→ DATA TO EXAMINE

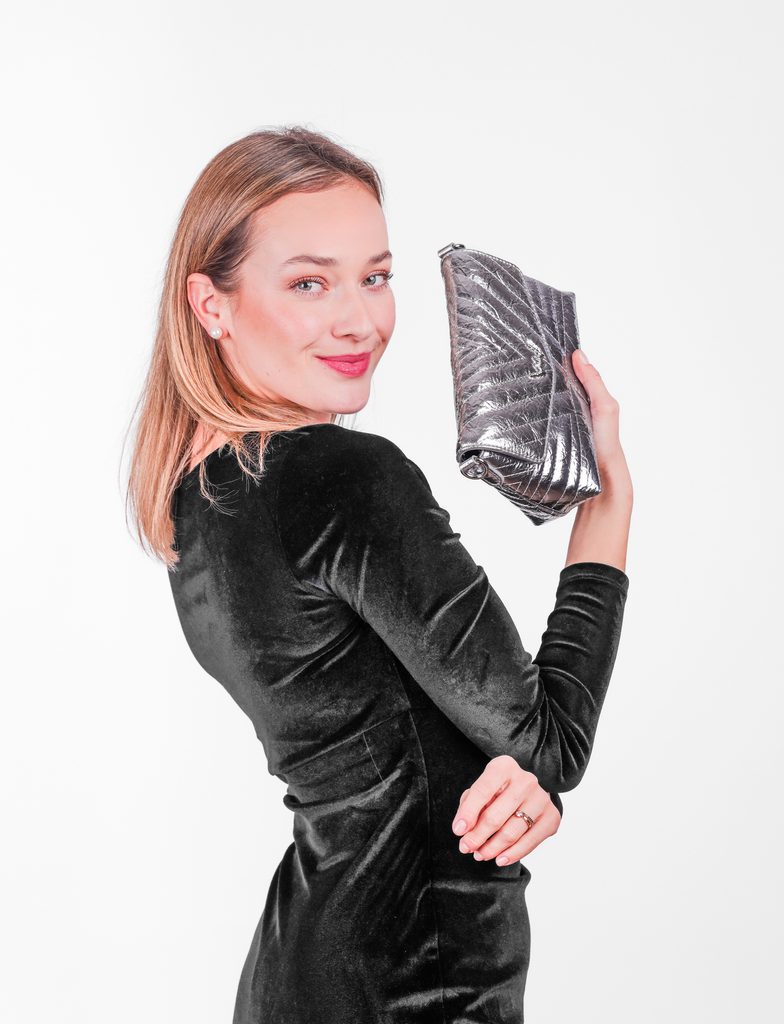 Dazzling Silver to nie cicha torebka do kąta. To model, który domaga się świateł reflektorów. Ma osiem przegródek na karty, dużo miejsca na niezbędne rzeczy i pasek, który dostosujesz do siebie. Ta torebka to po prostu odrobina blasku i dużo pewności siebie w jednym praktycznym opakowaniu.
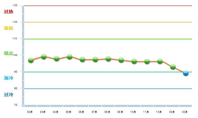 2014年2月至2014年3月工艺美术主营业务收入指数下降3.8点,呈现连续两月下降走势,现已进入渐冷运行区间。2014年3月工艺美术主营业务收入指数为89.13。(参见图3)
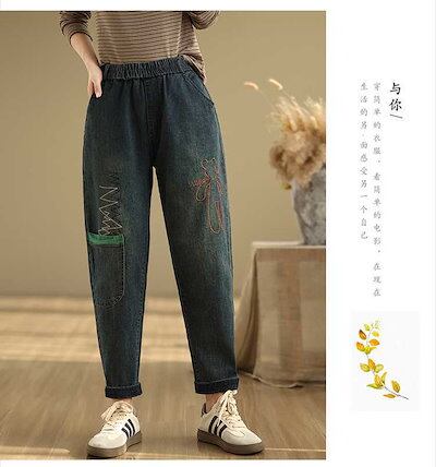「ファットガール」 2024秋新品 デニムパンツ 刺繍 大きいサイズ 体型カバー レディース ゴム ジーンズ メガ割
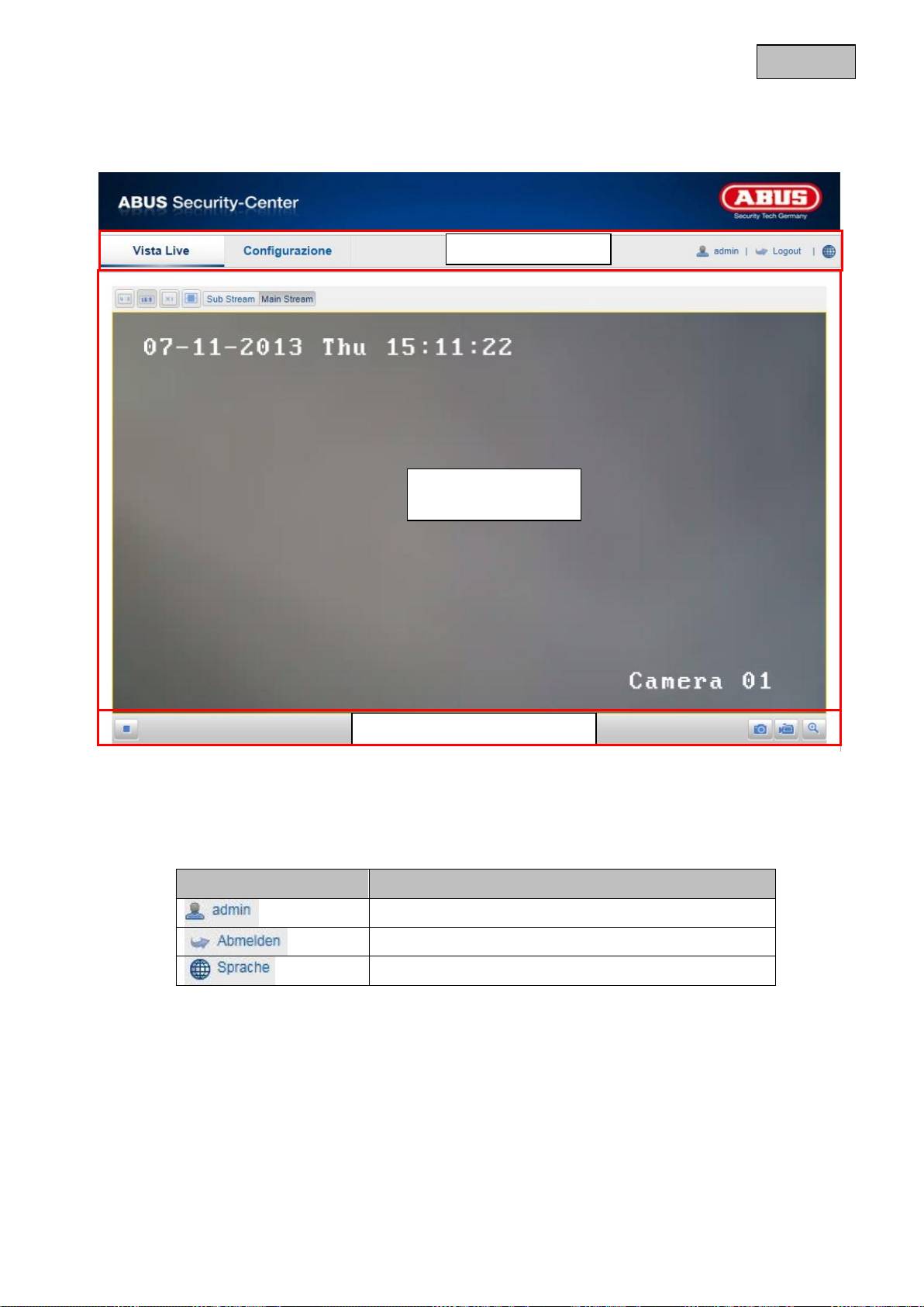 Aprire la pagina iniziale della videocamera di rete. La pagina è suddivisa nelle seguenti aree principali:
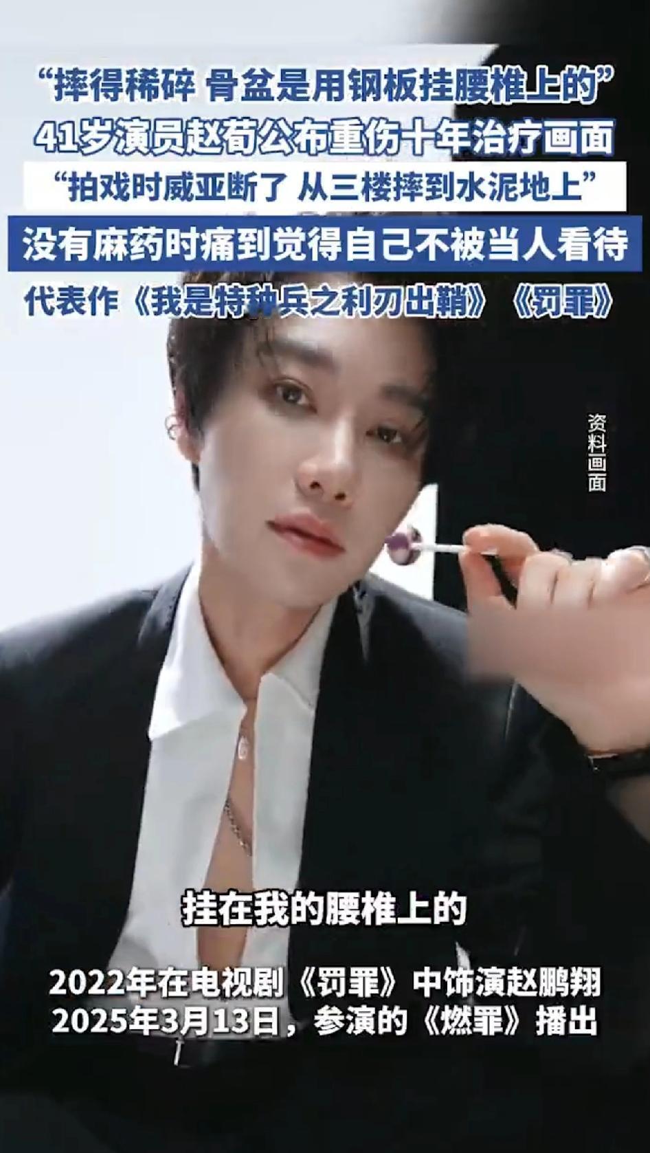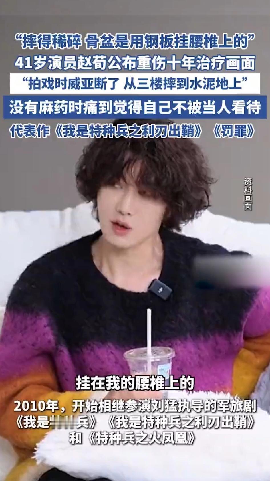 41岁的演员赵旬公布重伤十年治疗画面!“摔得稀碎 骨盆是总钢板挂在腰椎上的”!大臂已经撅过去了! “拍戏时威亚断了 从三楼摔到水泥地上”!没有麻药时痛到觉得自己不被当人看! 一下把大家拉回那段揪心往事。2015年拍《火线出击》时,他从10米高空坠下,颅内出血、左臂骨折、盆骨粉碎性骨折,抢救72小时才脱险,盆骨还打了三颗钢钉。 曾经他是《我是特种兵》里的李二牛,是军旅剧“硬汉专业户”,拍动作戏从不用替身。受伤后演艺事业暂停,可他没被打倒。 十年间,他从轮椅上站起,熬过康复训练的苦。如今他留着日系卷发、化着妆,和从前判若两人,却多了历经生死的通透,一句“活着就好”,道尽十年沧桑。 以前的李二牛现的赵旬,不光形象上的改变,心态改变,性格也变了! 一场事故不光是外貌上的改变!之前塑造了硬汉形象也无法继续延用! 难怪男明星都喜欢拍文艺剧,最起码没有危险!

→ TASK BRIEF
Retype the full listing above precisely. Exclude each picture you find in it.

→ WRITTEN SOLUTION
 Dazzling Silver to nie cicha torebka do kąta. To model, który domaga się świateł reflektorów. Ma osiem przegródek na karty, dużo miejsca na niezbędne rzeczy i pasek, który dostosujesz do siebie. Ta torebka to po prostu odrobina blasku i dużo pewności siebie w jednym praktycznym opakowaniu.
 2014年2月至2014年3月工艺美术主营业务收入指数下降3.8点,呈现连续两月下降走势,现已进入渐冷运行区间。2014年3月工艺美术主营业务收入指数为89.13。(参见图3)
「ファットガール」 2024秋新品 デニムパンツ 刺繍 大きいサイズ 体型カバー レディース ゴム ジーンズ メガ割
 Aprire la pagina iniziale della videocamera di rete. La pagina è suddivisa nelle seguenti aree principali:
 41岁的演员赵旬公布重伤十年治疗画面!“摔得稀碎 骨盆是总钢板挂在腰椎上的”!大臂已经撅过去了! “拍戏时威亚断了 从三楼摔到水泥地上”!没有麻药时痛到觉得自己不被当人看! 一下把大家拉回那段揪心往事。2015年拍《火线出击》时,他从10米高空坠下,颅内出血、左臂骨折、盆骨粉碎性骨折,抢救72小时才脱险,盆骨还打了三颗钢钉。 曾经他是《我是特种兵》里的李二牛,是军旅剧“硬汉专业户”,拍动作戏从不用替身。受伤后演艺事业暂停,可他没被打倒。 十年间,他从轮椅上站起,熬过康复训练的苦。如今他留着日系卷发、化着妆,和从前判若两人,却多了历经生死的通透,一句“活着就好”,道尽十年沧桑。 以前的李二牛现的赵旬,不光形象上的改变,心态改变,性格也变了! 一场事故不光是外貌上的改变!之前塑造了硬汉形象也无法继续延用! 难怪男明星都喜欢拍文艺剧,最起码没有危险!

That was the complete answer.